2026 capital gains tax rates

Holding periodRateTaxed as
Under 1 year (short-term)10–37%Ordinary income — your marginal rate
Over 1 year (long-term, single filer)
  Income ≤ $48,3500%Zero federal capital gains tax
  Income $48,351–$533,40015%Standard long-term rate
  Income over $533,40020%High earner rate
Married filing jointly — 0% threshold0%Up to $96,700 taxable income

The 0% bracket: the most underused strategy in investing

If your taxable income (after deductions) is below $48,350 (single) or $96,700 (MFJ), you pay zero federal capital gains tax on long-term gains. This creates powerful strategies:

  • "Gain harvesting": Sell appreciated positions, realize gains tax-free, immediately repurchase. You reset your cost basis higher with no tax cost. Repeat annually while in the 0% bracket.
  • Early retirement planning: FIRE retirees often structure income to stay within the 0% LTCG bracket — living on $50,000–$90,000 with zero federal capital gains tax.
  • Low-income years: Job loss year, sabbatical, or grad school year — ideal time to sell appreciated positions.

Net Investment Income Tax (NIIT): the hidden 3.8%

High earners face an additional 3.8% NIIT on investment income (dividends, capital gains, rental income) above $200,000 (single) / $250,000 (MFJ). Effective capital gains rate at the top: 20% + 3.8% = 23.8%.

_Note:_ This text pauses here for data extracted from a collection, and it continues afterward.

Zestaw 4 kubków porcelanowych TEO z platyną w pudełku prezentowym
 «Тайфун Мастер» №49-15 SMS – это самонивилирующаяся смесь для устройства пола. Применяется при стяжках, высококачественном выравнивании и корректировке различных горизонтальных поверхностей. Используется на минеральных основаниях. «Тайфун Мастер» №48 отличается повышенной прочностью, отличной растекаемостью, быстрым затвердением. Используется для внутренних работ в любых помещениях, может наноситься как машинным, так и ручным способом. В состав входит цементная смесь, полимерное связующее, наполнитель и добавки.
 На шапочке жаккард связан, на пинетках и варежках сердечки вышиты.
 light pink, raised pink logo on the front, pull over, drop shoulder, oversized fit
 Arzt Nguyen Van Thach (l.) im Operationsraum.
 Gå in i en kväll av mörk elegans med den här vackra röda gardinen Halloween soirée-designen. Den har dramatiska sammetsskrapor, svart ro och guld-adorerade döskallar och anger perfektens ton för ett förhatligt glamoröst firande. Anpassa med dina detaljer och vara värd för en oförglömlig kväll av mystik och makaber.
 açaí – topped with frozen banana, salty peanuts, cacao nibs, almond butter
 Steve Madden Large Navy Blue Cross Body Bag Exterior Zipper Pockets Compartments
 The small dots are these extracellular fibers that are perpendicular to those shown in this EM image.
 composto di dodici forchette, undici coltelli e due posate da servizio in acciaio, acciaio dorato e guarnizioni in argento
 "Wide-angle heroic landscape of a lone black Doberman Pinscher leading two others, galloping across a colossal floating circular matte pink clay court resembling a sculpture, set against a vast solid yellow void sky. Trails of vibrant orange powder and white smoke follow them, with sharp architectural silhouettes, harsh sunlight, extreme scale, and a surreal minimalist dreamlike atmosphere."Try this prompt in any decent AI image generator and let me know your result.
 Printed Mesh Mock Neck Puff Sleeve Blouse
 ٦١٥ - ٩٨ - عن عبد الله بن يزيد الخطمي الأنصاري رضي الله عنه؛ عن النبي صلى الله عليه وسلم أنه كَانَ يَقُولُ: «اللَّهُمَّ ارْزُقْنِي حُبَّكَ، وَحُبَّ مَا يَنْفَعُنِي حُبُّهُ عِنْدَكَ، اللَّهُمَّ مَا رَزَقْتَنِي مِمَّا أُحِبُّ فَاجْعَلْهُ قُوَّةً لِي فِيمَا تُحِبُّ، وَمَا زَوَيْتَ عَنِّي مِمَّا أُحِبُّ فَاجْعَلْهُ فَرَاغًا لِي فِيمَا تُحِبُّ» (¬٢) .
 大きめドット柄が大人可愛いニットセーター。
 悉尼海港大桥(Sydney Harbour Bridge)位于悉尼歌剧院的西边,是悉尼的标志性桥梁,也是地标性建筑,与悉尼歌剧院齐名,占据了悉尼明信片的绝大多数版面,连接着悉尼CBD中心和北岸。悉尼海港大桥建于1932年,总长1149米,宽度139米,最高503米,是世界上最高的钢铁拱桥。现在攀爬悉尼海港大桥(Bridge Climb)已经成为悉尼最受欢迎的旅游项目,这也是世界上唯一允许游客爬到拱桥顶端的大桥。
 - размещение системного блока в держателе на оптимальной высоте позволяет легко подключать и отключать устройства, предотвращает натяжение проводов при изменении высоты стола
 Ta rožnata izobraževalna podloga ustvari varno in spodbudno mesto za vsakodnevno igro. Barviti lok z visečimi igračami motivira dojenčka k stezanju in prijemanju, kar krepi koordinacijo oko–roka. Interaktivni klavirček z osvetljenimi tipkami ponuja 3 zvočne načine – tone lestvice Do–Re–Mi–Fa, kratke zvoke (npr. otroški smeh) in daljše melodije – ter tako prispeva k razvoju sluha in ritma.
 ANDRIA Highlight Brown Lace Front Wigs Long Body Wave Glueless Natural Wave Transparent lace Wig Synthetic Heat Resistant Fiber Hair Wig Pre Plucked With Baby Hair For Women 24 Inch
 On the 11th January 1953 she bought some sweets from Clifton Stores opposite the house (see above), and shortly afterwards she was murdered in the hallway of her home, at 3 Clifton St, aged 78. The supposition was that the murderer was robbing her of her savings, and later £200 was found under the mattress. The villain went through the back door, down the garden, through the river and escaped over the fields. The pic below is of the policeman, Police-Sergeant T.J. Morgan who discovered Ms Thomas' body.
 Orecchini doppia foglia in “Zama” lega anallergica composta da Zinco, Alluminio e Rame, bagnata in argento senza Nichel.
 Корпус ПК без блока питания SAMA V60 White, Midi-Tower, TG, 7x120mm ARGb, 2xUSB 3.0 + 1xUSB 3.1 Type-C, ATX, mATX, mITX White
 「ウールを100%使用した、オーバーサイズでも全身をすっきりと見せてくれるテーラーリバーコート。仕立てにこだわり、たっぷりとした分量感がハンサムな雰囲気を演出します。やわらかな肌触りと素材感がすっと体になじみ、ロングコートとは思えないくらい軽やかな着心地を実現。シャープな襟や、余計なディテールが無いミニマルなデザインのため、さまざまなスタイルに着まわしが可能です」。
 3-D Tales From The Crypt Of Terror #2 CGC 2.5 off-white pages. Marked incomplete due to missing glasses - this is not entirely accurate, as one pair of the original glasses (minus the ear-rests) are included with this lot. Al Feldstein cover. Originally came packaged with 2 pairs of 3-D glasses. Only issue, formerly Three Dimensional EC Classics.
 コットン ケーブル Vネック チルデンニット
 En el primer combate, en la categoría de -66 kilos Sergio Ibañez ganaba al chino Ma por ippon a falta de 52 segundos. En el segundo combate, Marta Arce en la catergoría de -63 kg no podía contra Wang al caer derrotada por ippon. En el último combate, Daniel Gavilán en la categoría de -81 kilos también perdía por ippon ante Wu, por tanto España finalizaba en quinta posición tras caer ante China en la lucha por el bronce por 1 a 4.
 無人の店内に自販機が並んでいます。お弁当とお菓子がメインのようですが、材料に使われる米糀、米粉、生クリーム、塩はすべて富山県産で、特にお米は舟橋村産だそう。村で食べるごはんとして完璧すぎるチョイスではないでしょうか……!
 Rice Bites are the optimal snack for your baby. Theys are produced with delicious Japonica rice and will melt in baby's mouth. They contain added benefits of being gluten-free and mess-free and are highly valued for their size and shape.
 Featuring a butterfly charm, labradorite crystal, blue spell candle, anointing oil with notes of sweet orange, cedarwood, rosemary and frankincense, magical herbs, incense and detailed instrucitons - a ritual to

Tax-loss harvesting: the year-end strategy

Sell positions with unrealized losses before December 31. Losses offset gains dollar-for-dollar. Up to $3,000 of net losses can offset ordinary income annually. Unlimited carryforward for unused losses. Wash-sale rule: don't repurchase the same (or substantially identical) security within 30 days before/after the sale.

The one-year wait that saves thousands
Selling a $50,000 gain position at 11 months (short-term, 22% bracket) vs 13 months (long-term, 15% bracket): difference = $3,500 in taxes. For high earners at 37% vs 20%: $8,500 saved by waiting 2 extra months. Set calendar reminders for every significant position's 1-year anniversary.